The content of the language used here is in stark contrasdt to new mindsets
around organisational development and leadership noted earlier. However, the
language of top-down models persists, and as a result much of our existing
language of change is encumbered with concepts developed in more stable
environments, therefore acting to preserve the status quo.

MORPHING MINDSETS
Marshak talks of the need to create new words that better express continuous
whole system change, described, in terms of a morphing mind-set that could be
used as a generative metaphor or analogy to advance our thinking about
managing change.
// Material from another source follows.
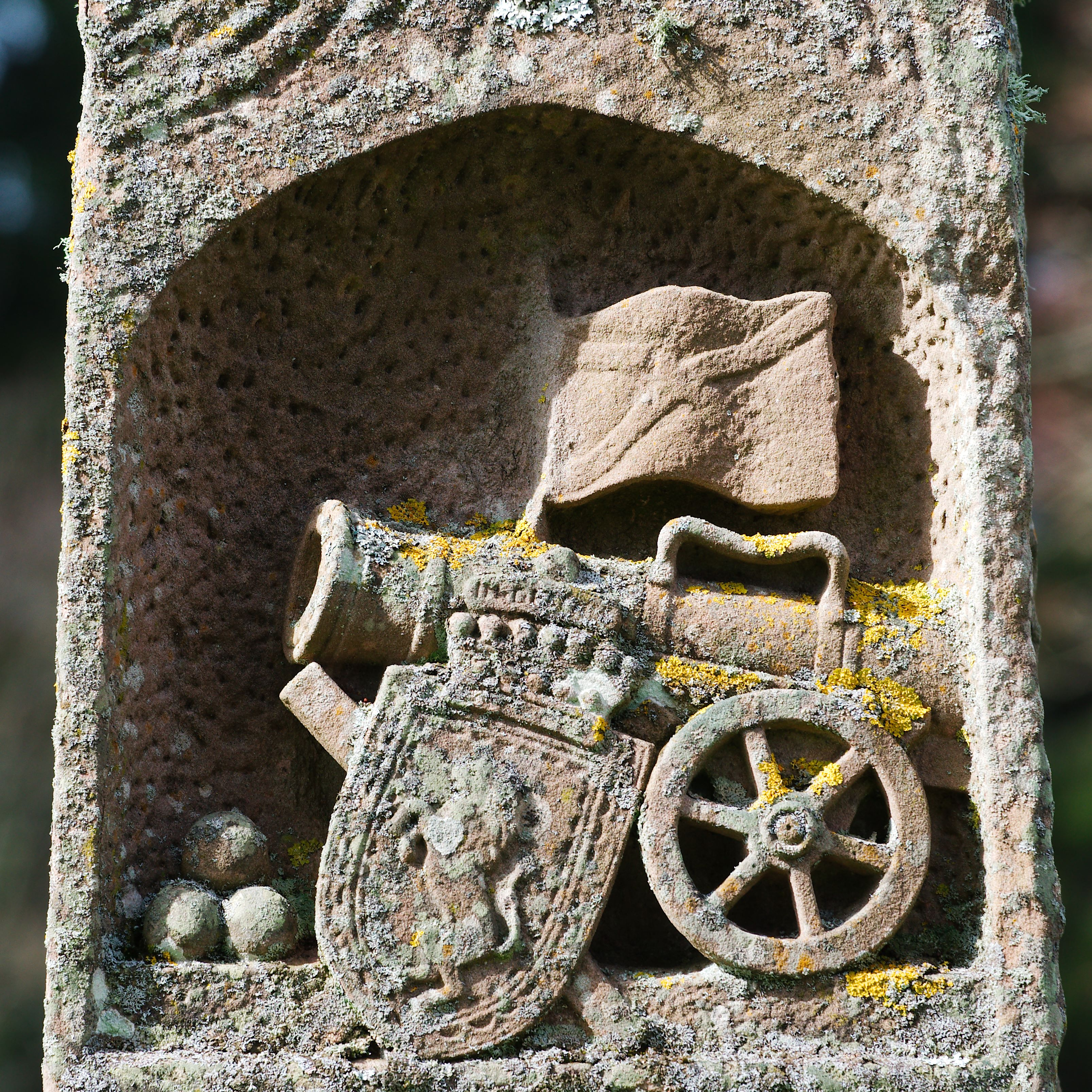 Border Abbeys 2016 - Dryburgh Abbey to Tweedbank

The key principles of morphing are outlined below:
-Creating limited organisational structures and principles such that there is both
enough form and fluidity for rapid, organised action.
-Creating resource flexibility in terms of both availability and application.
-Ensuring organisational learning to quickly develop and deploy new
competencies.
-Bridging from the present to the future with clear transition processes while
avoiding focusing on the future to the detriment of the present.
-Having top management mind-sets that fully embrace the concepts of
continuous change and flexible organisational forms.

THE SHIFT IN FOCUS FOR HR


We follow Pfeffers argument that the ability to identify and help others discover
their mind-sets and mental models, and the capability to change these when
necessary, are probably among the most critical capabilities and HR professional
can have or acquire. Mental models are deeply ingrained assumptions that affect
the way individuals think about people, situations and organisations.
This requires a sensitivity to language, power and politics in shaping processes
and outcomes of change efforts.
We argue that it is important, therefore, that change leaders are conversationally
responsible, that is willing to take ownership of the way they speak and listen,
and the practical and ethical consequences of this.

BRIDGING THE KNOWING-DOING GAP


Pfeffer observes the relatively limited diffusion of ideas and business models in
contemporary organisations, commenting that this may appear a strange
conclusion within a world where there are entire industries set up to spread new
concepts and practices such as Six Sigma and Total Quality Management.